**Exercise directions:**
Below are some records. Write out exactly their lines from the one with "本建筑为医政、病房及办公为一" through the one with "这款产品可用在27寸以下的窄", and leave the pictures behind.

**Listed records:**

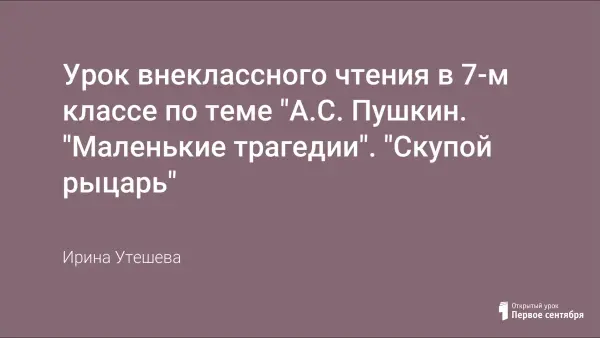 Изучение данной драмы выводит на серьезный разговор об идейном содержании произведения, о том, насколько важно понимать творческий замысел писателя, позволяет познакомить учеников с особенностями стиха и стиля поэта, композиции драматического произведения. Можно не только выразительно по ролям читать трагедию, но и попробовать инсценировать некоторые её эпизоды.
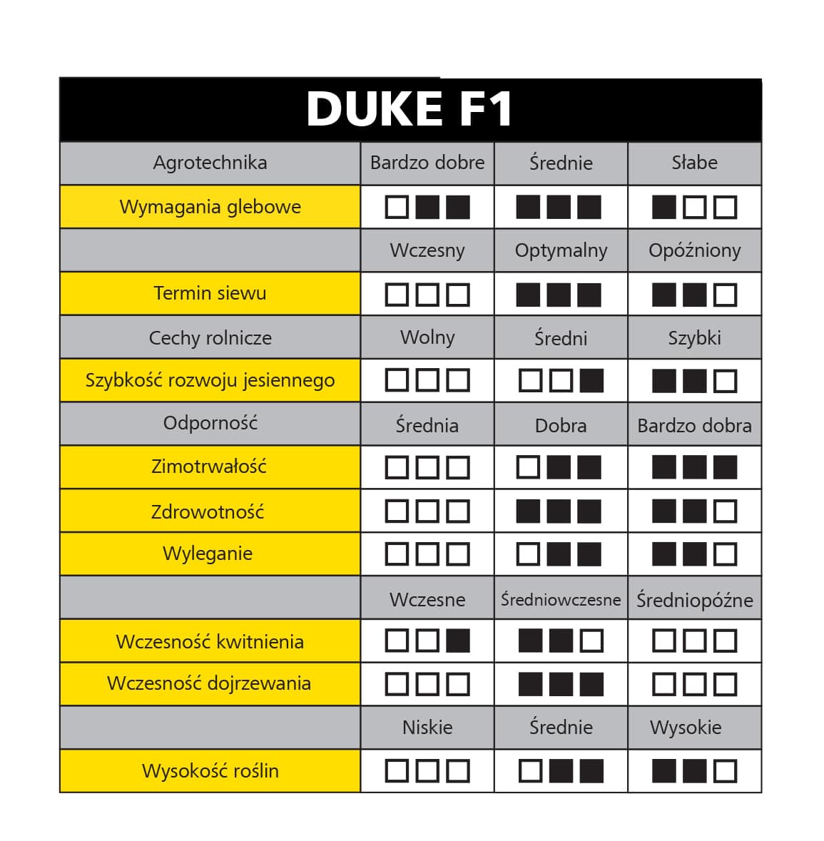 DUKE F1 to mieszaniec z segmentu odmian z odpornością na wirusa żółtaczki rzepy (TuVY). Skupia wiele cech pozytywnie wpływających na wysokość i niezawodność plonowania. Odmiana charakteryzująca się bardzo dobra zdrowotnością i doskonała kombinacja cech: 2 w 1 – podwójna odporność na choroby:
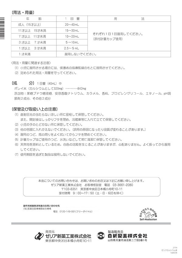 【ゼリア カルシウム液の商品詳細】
---
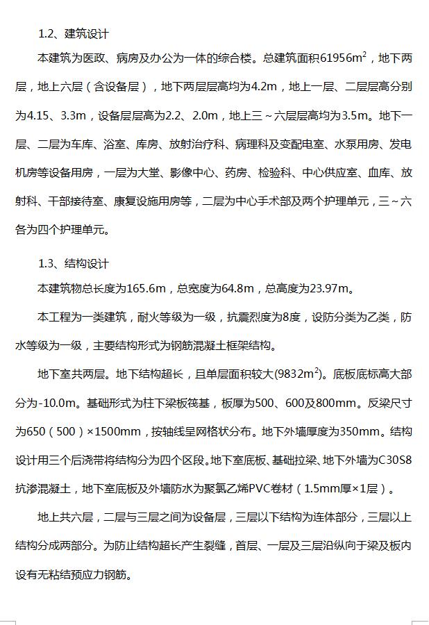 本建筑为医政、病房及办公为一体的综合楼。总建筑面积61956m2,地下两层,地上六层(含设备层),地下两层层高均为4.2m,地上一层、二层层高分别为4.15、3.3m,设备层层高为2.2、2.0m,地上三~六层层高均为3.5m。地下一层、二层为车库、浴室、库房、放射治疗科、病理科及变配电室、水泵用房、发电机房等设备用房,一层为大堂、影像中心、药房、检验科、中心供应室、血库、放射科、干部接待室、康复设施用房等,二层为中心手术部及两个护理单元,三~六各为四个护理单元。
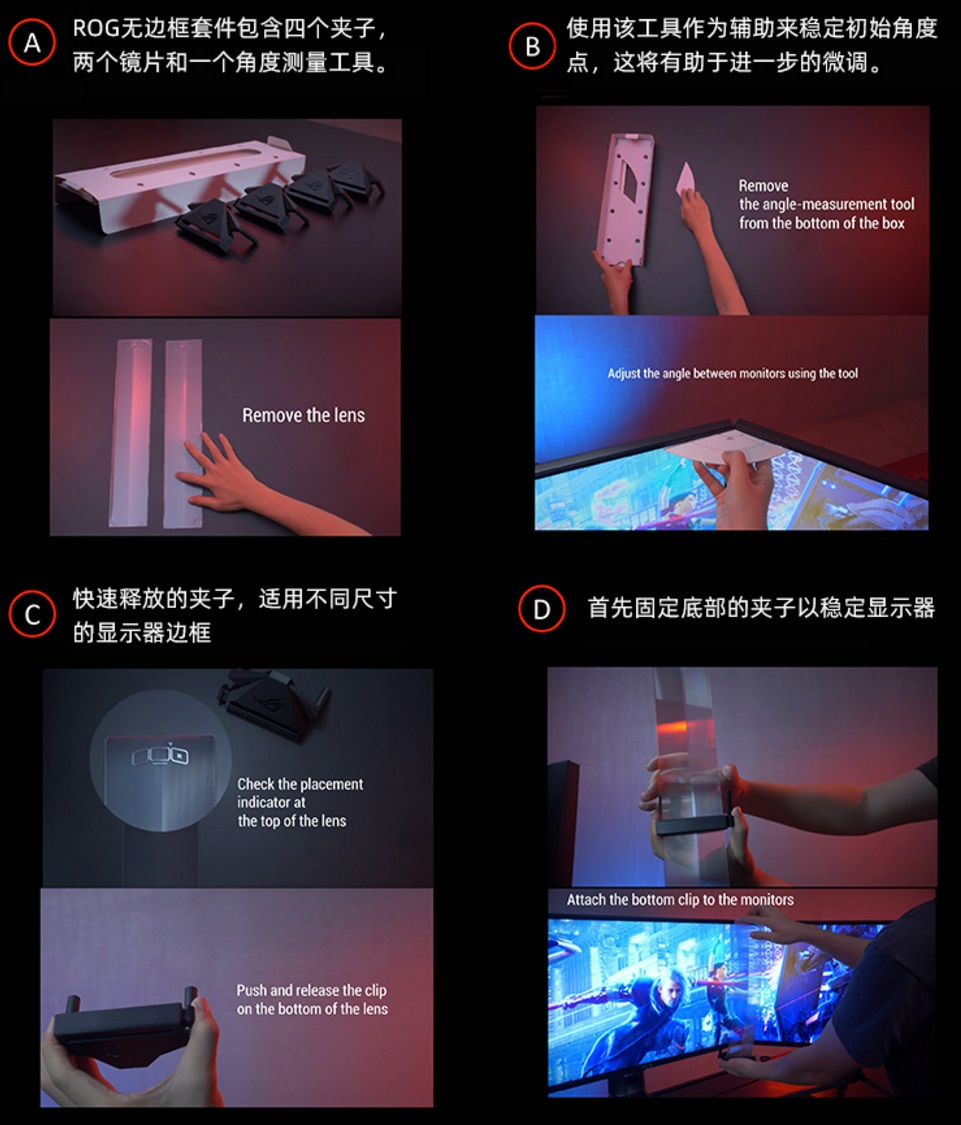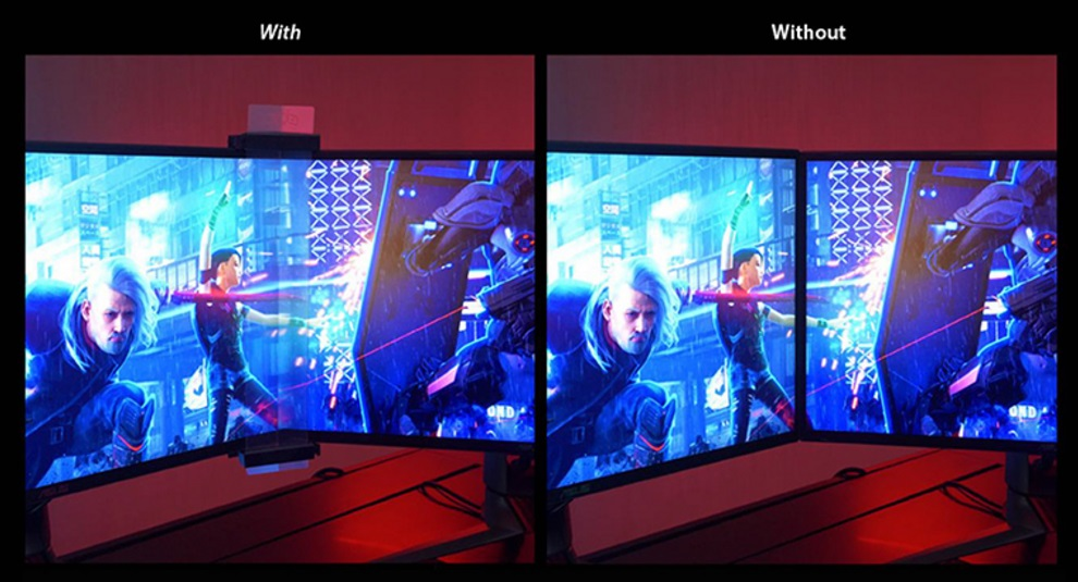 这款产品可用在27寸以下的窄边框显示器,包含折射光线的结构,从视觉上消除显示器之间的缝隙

**Answer:**
 本建筑为医政、病房及办公为一体的综合楼。总建筑面积61956m2,地下两层,地上六层(含设备层),地下两层层高均为4.2m,地上一层、二层层高分别为4.15、3.3m,设备层层高为2.2、2.0m,地上三~六层层高均为3.5m。地下一层、二层为车库、浴室、库房、放射治疗科、病理科及变配电室、水泵用房、发电机房等设备用房,一层为大堂、影像中心、药房、检验科、中心供应室、血库、放射科、干部接待室、康复设施用房等,二层为中心手术部及两个护理单元,三~六各为四个护理单元。
 这款产品可用在27寸以下的窄边框显示器,包含折射光线的结构,从视觉上消除显示器之间的缝隙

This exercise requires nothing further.